Fourth, using slightly different language, the GPL and CC-BY-SA’s coverage of copyright and similar restrictions should be identical for all intents and purposes (GPL explicitly notes “semiconductor mask rights” and CC-BY-SA-4.0 “database rights” but neither excludes any copyright-like restrictions). But on patents, the licenses are rather different. CC-BY-SA-4.0 explicitly does not grant any patent license, while previous versions were silent. GPLv3 has an explicit patent license, while GPLv2’s patent license is implied (see [gpl-implied-patent-grant] and [GPLv3-drm] for details). This difference ought give serious pause to anyone considering use of CC-BY-SA for works potentially subject to patents, especially any potential licensee if CC-BY-SA licensor holds such patents. Fortunately Creative Commons has always strongly advised against using any of its licenses for software, and that advice is usually heeded; but in the space of hardware designs Creative Commons has been silent, and unfortunately from a copyleft (i.e., use mechanisms at disposal to enforce user freedom) perspective, CC-BY-SA is commonly used (all the more reason to enable one-way compatibility, allowing such projects to migrate to the stronger copyleft).

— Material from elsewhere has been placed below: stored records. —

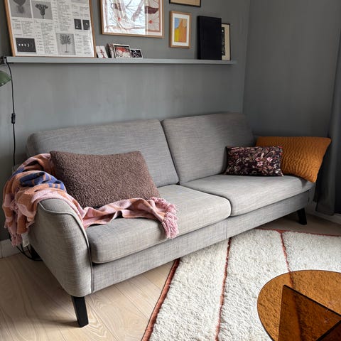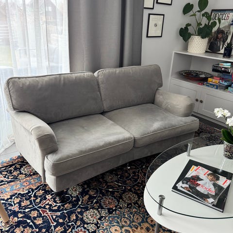 I have this green sofa 3 seater from Trademax for sale. It was bought in 2021. It is in good condition and the wooden block is recommended to keep under it to provide support from middle as well. I can give 2 wooden blocks which I got customised for this sofa. Can lower the price for a quick deal. It is a very trnding colour and looks great in the living room.
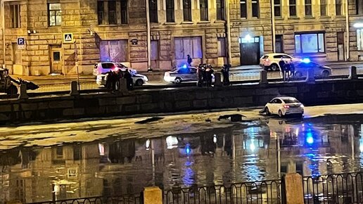 Мигрант на каршеринге, уходя от ГИБДД, пробил ограждение и вылетел на лёд Фонтанки. Момент попал на видео
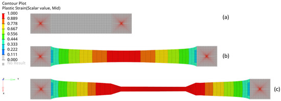 FE results showing the loading phases in the MD direction at initial stage (a), short before the first localization occurs (b) and further development of the total elongation (c).
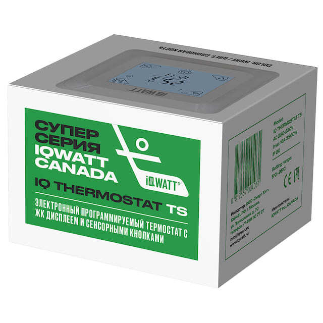 IQ THERMOSTAT TS для удобства настройки оборудован жидкокристаллическим дисплеем и сенсорными кнопками. Терморегулятор имеет простое и удобное меню программирования, на дисплее отображается текущая и заданная температура с точностью до 0,5 С.
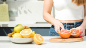 Atrakcyjna dziewczyna w odzieży sportowej przygotowuje zdrowe śniadanie w kuchni przed treningiem, krojeniem owoców i przygotowywaniem świeżego soku. Zdrowy styl życia, sprawność i piękno
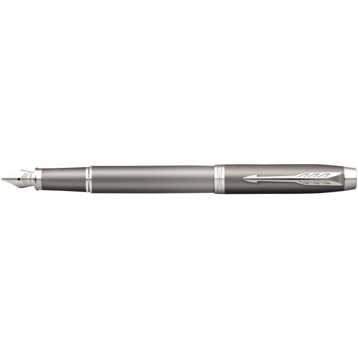 Stylo plume IM Writing Rituals Grey GT bleu. Plume fine. Finition chromée, corps gris dégradé. Cartouche d'encre bleue, livré en coffret cadeau.
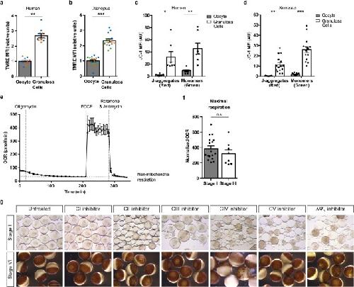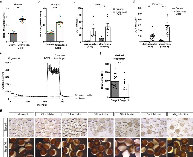 Extended Data Fig. 2. Oxidative phosphorylation is essential in early oocytes.a, b, Quantification of the mean fluorescence intensity (MFI) of TMRE in the oocyte and in the population of granulosa cells surrounding the equatorial plane of the oocyte for human (a) and Xenopus oocytes (b). The data represent the mean ± s.e.m. **P = 2.83 × 10−9 n=2 biological replicates in human; and ***P = 1.09 × 10−10 n=3 in Xenopus; using two-sided Student’s t-test. Replicates shown in colours. c, d, Quantification of the mean fluorescence intensity (MFI) of JC-1 aggregates (red) and monomers (green) in the oocyte and in the population of granulosa cells surrounding the equatorial plane of the oocyte for human (c) and Xenopus oocytes (d). We could not detect any red fluorescence in oocytes; an additional 2-hour incubation with JC-1 did not lead to detection of red fluorescence inside the oocyte either. The data represent the mean ± s.e.m. *P = 0.005 and **P = 0.002 in human, n=4; and **P = 5.67 × 10−6 and ***P = 4.42 × 10−9, n=3 in Xenopus; using two-sided Student’s t-test with Šidák-Bonferroni-adjusted P values for multiple comparisons. e, Oxygen consumption rate (OCR) as assessed by a seahorse analyser (XFe96) in early (stage I) Xenopus oocytes (mean ± SEM, n = 9). f, Maximal oxygen consumption rate in early (stage I) and growing (stage III) Xenopus oocytes, normalized for total protein/sample (n=17 for stage I and n=8 for stage III). The data represent the mean ± s.e.m. n.s. not significant (P = 0.299) using two-sided Student’s t-test. g, Representative images of Xenopus oocytes after an overnight treatment with mitochondrial poisons (5 µM Rotenone, 50 mM malonic acid, 5 µM antimycin A, 50 mM KCN, 200 µM DCCD or 30 µM CCCP). Upper panel shows early (stage I) oocytes and bottom panel displays late (stage VI) oocytes. Cell death can be recognized in early (stage I) oocytes by loss of plasma membrane integrity and/or loss of nucleus; and in late (stage VI) oocytes by development of a mottling pattern in the pigmentation of the animal pole (see main Fig. 2 for quantifications of three independent experiments). Scale bars: 250 µm and 1 mm for stage I and stage VI oocytes, respectively. Source data |
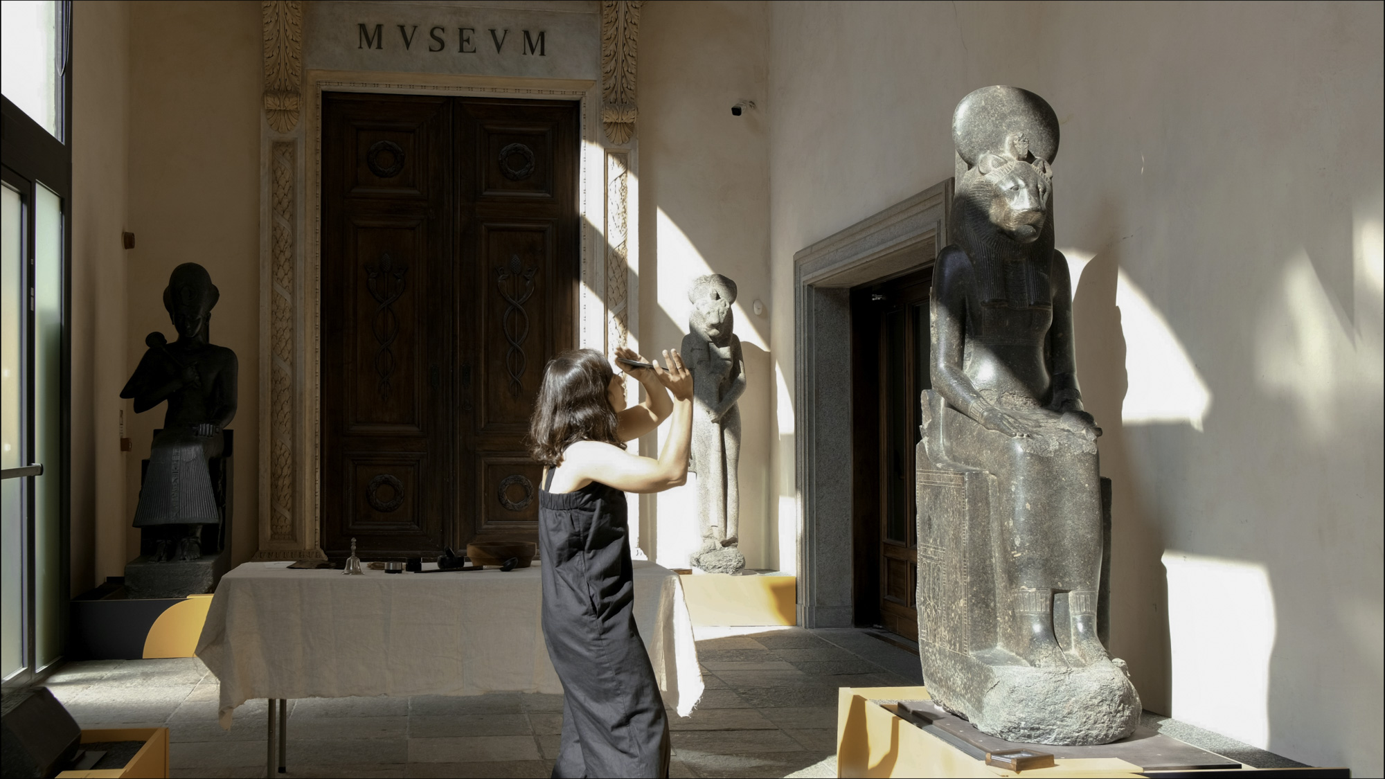 This two-channel video piece is part of an mixed-media installation commissioned by the Museo Egizio in Turin titled, The Sun Weeps for the Land And Calls from the Garden of Stones. The installation addresses how hundreds of statues of the goddess Sekhmet carved during the reign of Amenhotep III were unearthed and uprooted from Egypt in the early 19th century. Their diaspora was facilitated by a colonial infrastructure enabling consuls to act as both diplomats and antiquities dealers. For the Italian-born French consul Bernardino Drovetti, this dual role proved lucrative when he sold his amassed collection, including twenty Sekhmet statues, to King Carlo Felice in 1824, forming the core of the Museo Egizio. In this installation of three artworks, we are reminded that these sacred statues, which once safeguarded the ancient king, now linger anguished in museums after failing to fulfill their spiritual purpose.
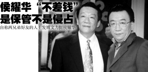 前天凌晨兩點,一位名叫王魏東至的網友第一次發表博文,大談其對“侯耀華是否侵占財產”的見解。此人自稱是侯家兩兄弟的朋友,與二人都有來往。他稱侯耀華不會侵占財產,理由有三點:第一,侯耀華資產過億,根本“不差錢”。他表示侯耀華收藏的名表、字畫、寶石等藏品并不比弟弟少,加上各地房產怎么也有幾千萬元;第二,侯耀華為人大方,喜歡送訪客禮物。所送禮物有“手表、打火機、鋼筆、戒指等”,有時還會將訪客和自己的名字刻上去作紀念;第三,侯耀華曾寫過名為《倒霉必讀 演義人生》一書,可見其人生態度。最后他表示,侯耀華“肯定是為弟弟保管遺產,而被侄女誤解成侵占”。
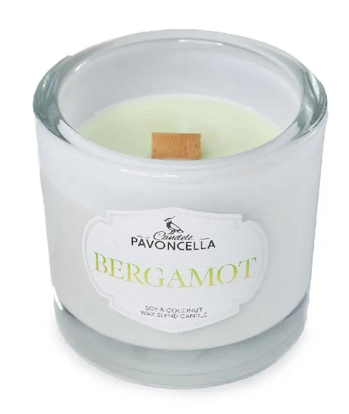 Świeczka sojowa Bergamot biała 170g - Pavoncella
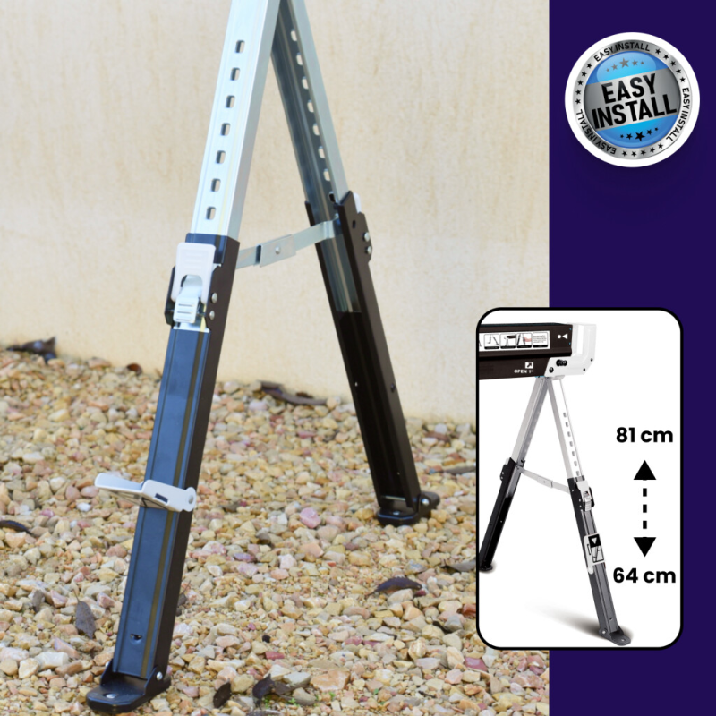 Abmessungen: 109cm x 10cm x 15cm. Gewicht 9.3kg (18.6 kg Paar). Tragkraft 590kg (1180kg pro Paar). 9 Arbeitshöheneinstellungen (64cm bis 81cm) und schnell verstellbare Füße.
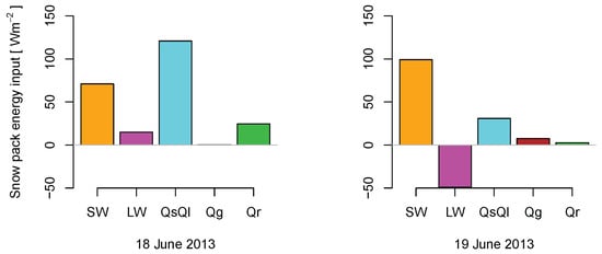 During the day when peak flow occurred, the snow energy balance was dominated by a positive influx of energy from turbulent interchange with the atmosphere. Both sensible heat and latent heat transfer were positive, indicating condensation of atmospheric moisture on the snow (Figure 7). Shortwave radiation was second in importance, followed by advective heat transfer from the rain. Net long wave was positive, contrary to most days when there is an effective radiative cooling of the snow pack. Simulated subsurface fluxes were negligible during the ROS event, except for a short period early on the 19th of June when there was a positive flux toward the surface snow pack. For the calculation of heat transfer due to rain (Equation (A28)) it is necessary to know the temperature of the rain. Byers et al. [70] measured rain temperatures and found that after an intense precipitation event rain temperature was always close to air temperature (about 1 °C difference). For this study we assumed that the rain temperature was 1 °C colder than the air temperature. During the time of peak precipitation, simulated lapse rates above the surface were in the range between −0.003 and −0.0045 °C m−1, thus one degree colder means that the rain had the temperature of a layer between 200 and 300 m above the surface.
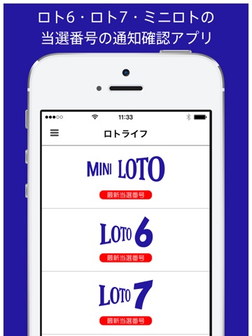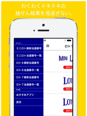 ロト6・ロト7・ミニロトの当選番号を抽せん日に速報通知するアプリです。
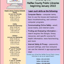 Skills included in this training will include computer basics, communicating online safely, finding and evaluating information, and internet privacy and safety. This program will be offered at all five branches of the Halifax County Library System.
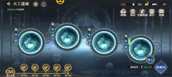4、天工遗迹每轮开放7天,每轮最后一天进行奖励结算和邮件补发,新一轮开始时所有人的探索时间重置为8小时,结算奖励和补发奖励不计入收益排行。
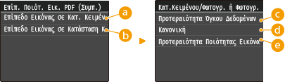 Ρυθμίσεις ποιότητας εικόνας για τις επιλογές <PDF (Συμπίεση)> και <PDF (Συμπίεση/OCR)>
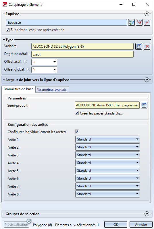 Cette variante permet de poser des cassettes ALUCOBOND® SZ 20 sur des polygones de 3 à 8 côtés. Il est à noter ici que, à la différence de la variante Cassette ALUCOBOND® SZ 20 (avec accessoires), vous pouvez ici configurer individuellement comment devront être usinés chacune des arêtes de la surface de calepinage, à quels endroits devront être créés des profilés en S et en Z lors du calepinage.
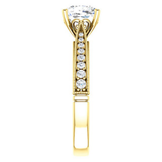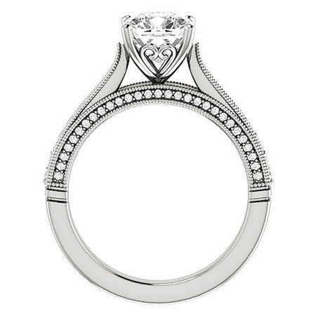 This beautiful Moissanite engagement ring features a cathedral design with milgrain accents and scroll designs on the side of a cushion cut Moissanite center stone, 0.35ct of round diamond side stones cast in 14k gold, 18k gold or platinum. Add the optional matching band which has 0.25ct of additional diamonds and make it a wedding set.

The final obvious difference pertinent to copyleft policy between the GPL and CC-BY-SA is purpose. The GPL’s preamble makes it clear its goal is to guarantee software freedom for all users, and even without the preamble, it is clear that this is the Free Software Foundation’s driving goal. CC-BY-SA (and other CC licenses) state no purpose, and (depending on version) are preceded with a disclaimer and neutral “considerations for” licensors and licensees to think about (the CC0 public domain dedication is somewhat of an exception; it does have a statement of purpose, but even that has more of a feel of expressing yes-I-really-mean-to-do-this than a social mission). Creative Commons has always included elements of merely offering copyright holders additional choices and of purposefully creating a commons. While CC-BY-SA (and initially CC-SA) were just among the 11 non-mutually exclusive combinations of “BY”, “NC”, “ND”, and “SA”, freedom advocates quickly adopted CC-BY-SA as “the” copyleft for non-software works (surpassing previously existing non-software copylefts mentioned above). Creative Commons has at times recognized the special role of CC-BY-SA among its licenses, e.g., in a statement of intent regarding the license made in order to assure Wikimedians considering changing their default license from the FDL to CC-BY-SA that the latter, including its steward, was acceptably aligned with the Wikimedia movement (itself probably more directly aligned with software freedom than any other major non-software commons).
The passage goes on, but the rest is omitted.